Но, к сожалению, по нашему законодательству врач-рентгенолог имеет права описать все, от макушки до хвоста, любую патологию, почти любым методом – КТ (компьютерная томография), МРТ (магнитно-резонансная томография), рентген, маммография – ты должен уметь описывать все. А в современных условиях, при современном объеме знаний это сделать физически невозможно, нельзя быть хорошим специалистом во всем даже в пределах одной специальности, поэтому в развитых странах пришли к субспециализации.

Если проходит исследование отдела, где присутствуют анатомически две смежные зоны – например, в грудной клетке – сердце и легкие – это разные системы и заключение идет за двумя подписями субспециалистов. Общий рентгенолог не сможет сделать заключение по сердцу, у него на это просто нет прав. А у нас может и делает.

– Это и есть то, что на западе называют междисциплинарная группа, multidisciplinary team?

– Нет, междисциплинарная группа – это ситуация сложной работы, например, ведение онкологического пациента. Ведение такого пациента – это большая командная игра. Один хирург, даже самый талантливый, не справится. Один радиотерапевт тоже не справится. Рентгенолог вообще априори вспомогательная специальность, но без меня они не разберутся в снимках, без онколога хирурги всех сразу будут брать на операционный стол, но иногда оперировать рано, нужно сначала дать предварительное лечение, чтобы операция в принципе была возможна и имела смысл, и так далее. Когда такие специалисты садятся вместе: хирург, лучевой терапевт, врач-онколог, который занимается химиотерапией, рентгенолог, патолог, и обсуждают пациента, в этой дискуссии рождается какая-то истина, и это дает сильный толчок к их собственному развитию.

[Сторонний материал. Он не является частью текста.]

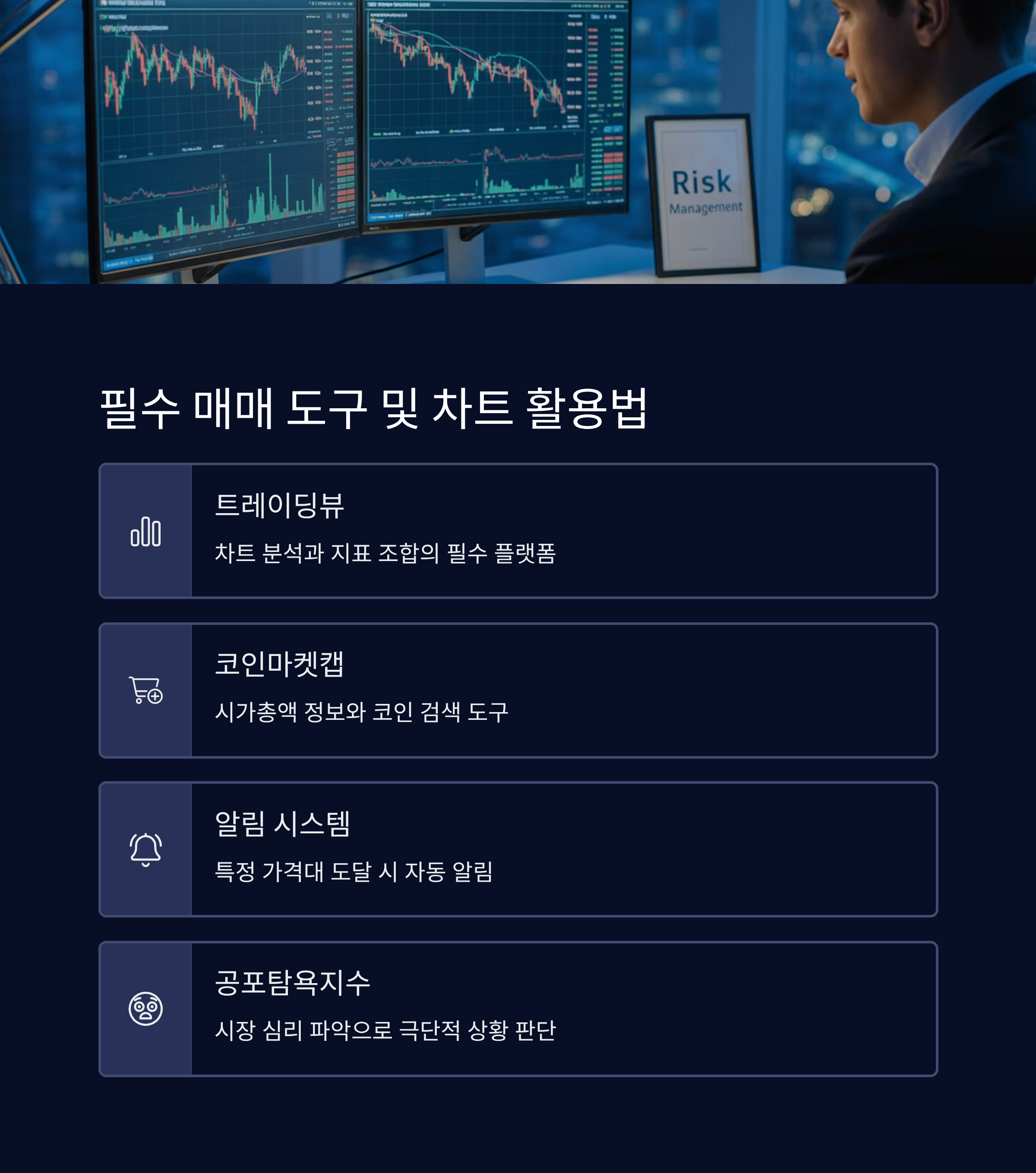 도구는 매매의 무기예요. 검을 쓰는 사람, 활을 쓰는 사람 모두 있지만 결국 어떤 무기를 쓸지, 어떻게 쓸지는 자신이 정해야 해요. 시작은 기본적인 툴에서, 익숙해지면 자동화 봇이나 API 트레이딩까지 도전해봐도 좋아요. 💻✨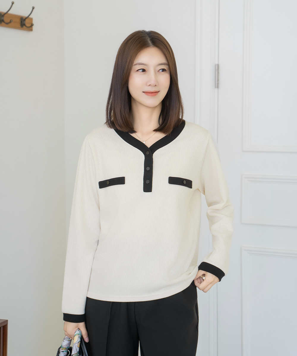 • V-neck ribbed t-shirt - TE2509031 -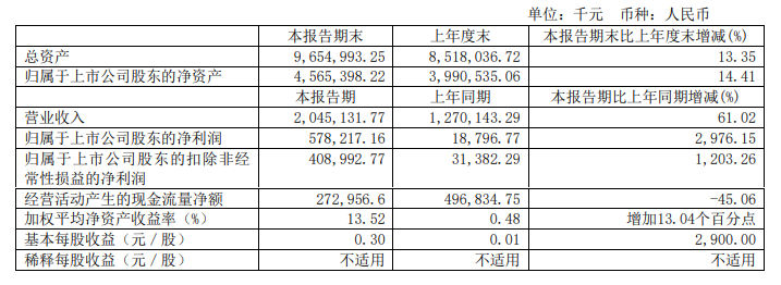 8月23日,海南矿业晚间披露半年度报告,公司2021年半年度实现营业收入为20.45亿元,同比增长61.02%;归母净利润5.78亿元,同比增长2976.15%;基本每股收益0.30元。

Изолируясь в своей специальности, ты можешь не развиваться и не понимать, как тебе взаимодействовать с коллегами. А вам лечить одного пациента, и вам нужно пересекаться. В Европе, в США к этому давно уже пришли, они эффективно используют эти междисциплинарные группы, консилиумы, а у нас зачастую специалисты тянут одеяло на себя.

– Раз у нас теоретически предполагают, что рентгенолог владеет всеми основными методами диагностической визуализации, перечислите, пожалуйста, эти методы.

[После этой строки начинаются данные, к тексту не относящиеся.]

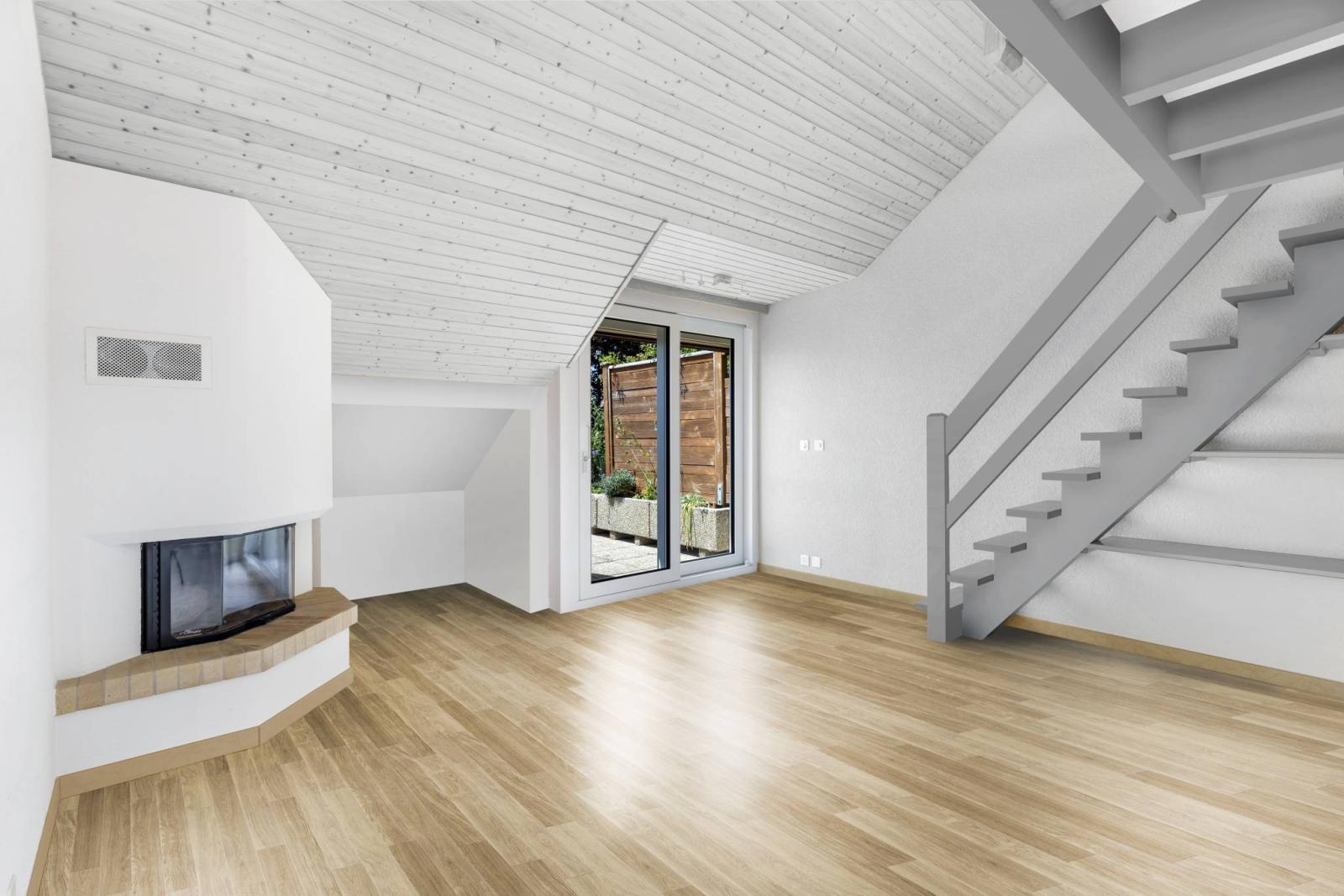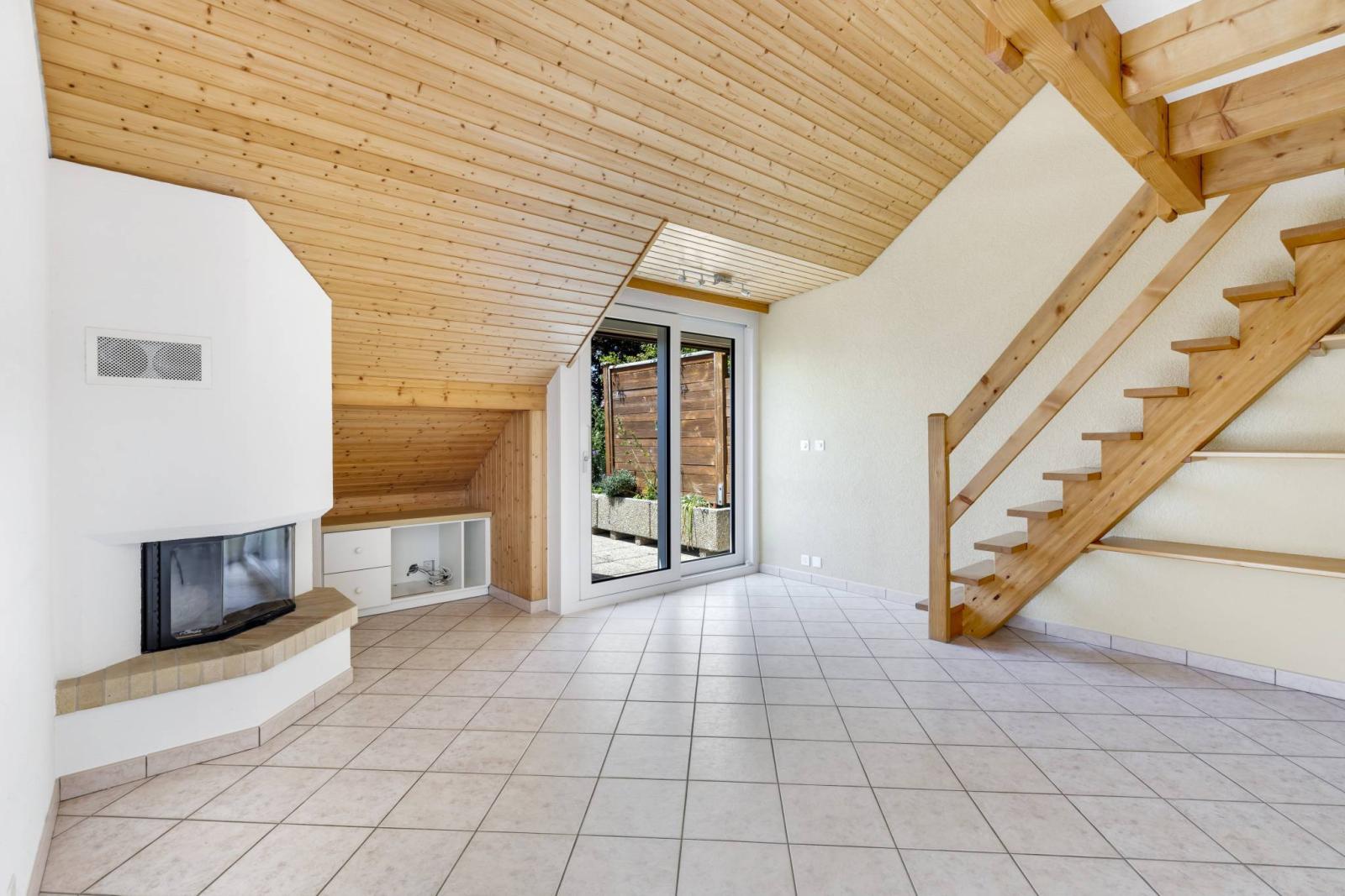 - Un séjour avec cheminée et accès à la mezzanine ;

– В разных категориях больных применяются разные наборы методов и методик. В онкологических стационарах активно используются ПЭТ-КТ (позитронный эмиссионный томограф и компьютерная томография), сцинтиграфия. В травматологическом стационаре ПЭТ-КТ вообще не применяется, потому что он там не нужен. Там наиболее ходовой метод – рентген.

– Давайте поговорим про онкологию, это животрепещущая тема.

– В онкологии рентген практически сдал свои позиции, потому что это малоинформативный метод в плане визуализации мягкотканых структур, то есть опухолей, опухолевых образований в печени, мозге – на рентгене их вообще не видно. Видно в легких, но очень сложно оценивать динамические изменения из-за плохой визуализации. Когда мы ведем пациента от одного этапа химиотерапии к другой, нам нужно понять, работает терапия или нет, а для этого нужны изображения, на которых будет видна динамика, изменения. Рентгеновские снимки сравнивать между собой можно, но очень сложно, и получается не очень корректно. Поэтому в онкологии приобрели очень большое значение посрезовые (англ. cross-sectional) методы визуализации – КТ, МРТ, ПЭТ.

– Значит, любой рентгенолог в достаточной степени хорошо владеет и МРТ, и ПЭТ, и КТ?

– Конечно, нет. В России есть еще одна особенность. Среди методов визуализации  методы радионуклидной диагностики – ПЭТ и сцинтиграфия – выделены в отдельную специальность, которая так и называется – радионуклидная диагностика или ядерная медицина. При использовании методов радионуклидной диагностики в организм вводится излучающий небольшую дозу радиации препарат, сцепленный со специальными маркёрами. Маркёры позволяют препарату оседать в нужных местах, например, в опухоли. Они как бы цепляются за опухоль. Препарат накапливается, а к маркёрам «прикреплена» метка, она начинает излучать, излучение фиксируется прибором, и мы понимаем, что в этом месте происходит какой-то специфический биохимический процесс.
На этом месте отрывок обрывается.